Semilir angin malam membuat Gina menggigil kedinginan begitu ia keluar dari mobil Papanya. Ia biarkan Papa berjalan lebih dahulu memasuki rumah yang akan dihuni keluarga mereka nantinya. Ini bukan rumah baru. Kabarnya telah dibangun sejak sepuluh tahun lalu. Dan telah berganti kepemilikan sebanyak tiga kali. Papa Gina kini adalah pemilik baru rumah ini.
Gina menghela nafas pasrah. Jika saja bisa, ia ingin menolak tinggal di sini. Rumah ini jauh lebih kecil dari rumah mereka sebelumnya. Terletak di pinggiran Ibukota yang masih sepi. Rumah di kanan kiri rumah itu kosong dan dibiarkan tak terawat, penuh ditumbuhi ilalang tinggi.
Tapi Papa terpaksa menjual rumah mereka sebelumnya yang terletak di pusat kota dan berukuran dua kali lebih besar dari rumah ini. Sebagian hasil menjual rumah mereka sebelumnya digunakan untuk membeli rumah ini dan sebagian lagi untuk menalangi usaha Papa yang tahun ini banyak merugi.
Jalan Palem nomor 5, itu alamat rumah yang akan dihuni keluarga Gina ini. Pagar besinya sederhana dan banyak berkarat di sana sini. Lebar rumah ini hanya tujuh meter. Tak ada garasi, hanya sebuah carport. Terasnya kecil berukuran dua meter kali tiga meter.

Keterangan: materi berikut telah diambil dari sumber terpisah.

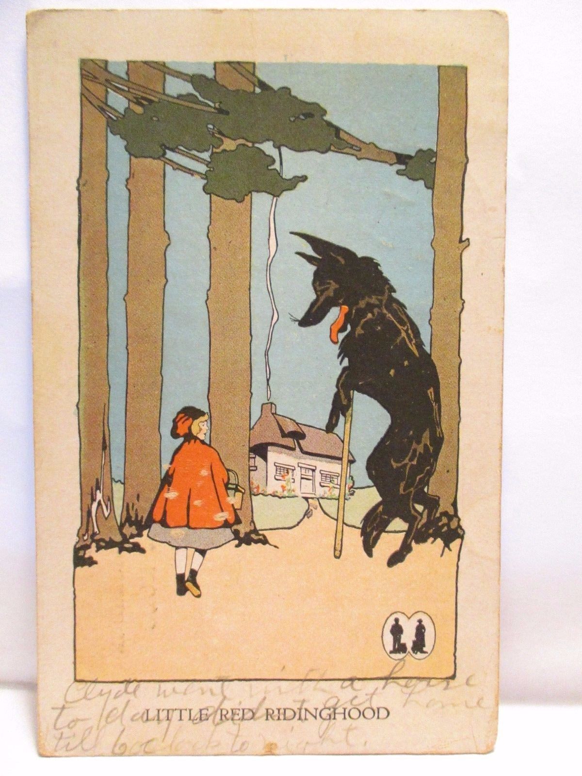 Title (ebay affiliate link): 1921 WALK OVER SHOES ADV POSTCARD LITTLE RED RIDING HOOD COON & CO ROCKFORD MI
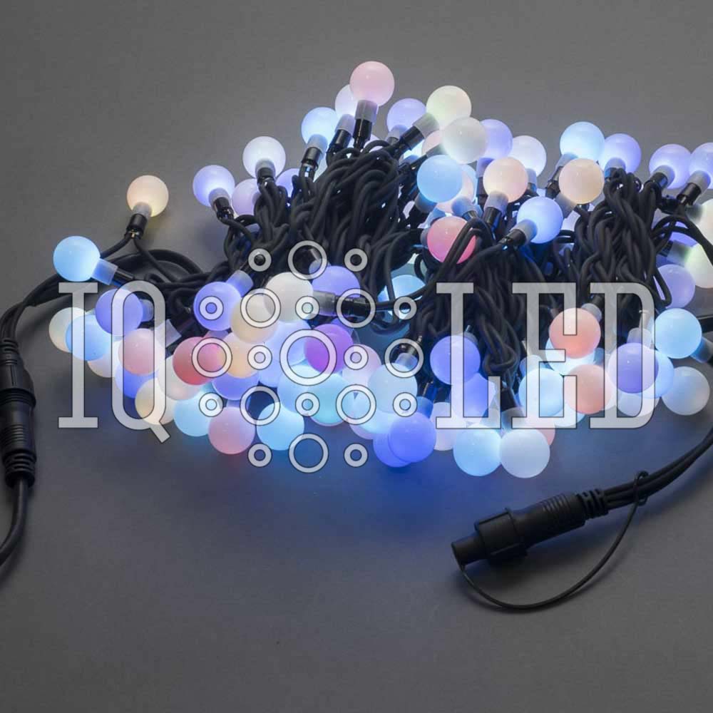 Цвет свечения: RGB (быстрая смена 8-ми цветов); Тип свечения: чейзинг; Материал провода: каучук; Степень защиты IP: 65; Защитный колпачок: есть; Кол-во светодиодов, шт: 100; Цвет провода: черный; Тип светодиодов: dip; Кол-во жил, шт: 3; Расстояние между светодиодами, см: 10; Силовой шнур в комплекте: нет; Гарантия, мес: 6; Срок службы, ч: 40000; Тип остатка: 3; Кол-во соединений в линию, шт: 10; Тип насадки: шарик 2,5 см; цвет насадки: белый матовый; Толщина проводаММ: 3; Напряжение, V: 220; Длина гирлянды: 10; Мощность, Вт: 7

“Ayo, Gin! Cepat masuk!” ajakan Papa mulai menyerupai perintah ketika Papa melihat Gina masih termangu di teras ragu untuk melangkah masuk ke dalam rumah.
“Kamar kamu di belakang dekat ruang makan. Jendela kamar kamu menghadap taman belakang, jadi, kamu masih bisa menghirup udara segar jika jendela kamarmu dibuka.” kata Papa sambil menunjukkan kamar Gina.
Gina memasuki kamarnya perlahan. Semua barang-barangnya telah dipindahkan ke kamar ini. Interior berikut warna dindingnya, telah ditata menyerupai kamarnya terdahulu.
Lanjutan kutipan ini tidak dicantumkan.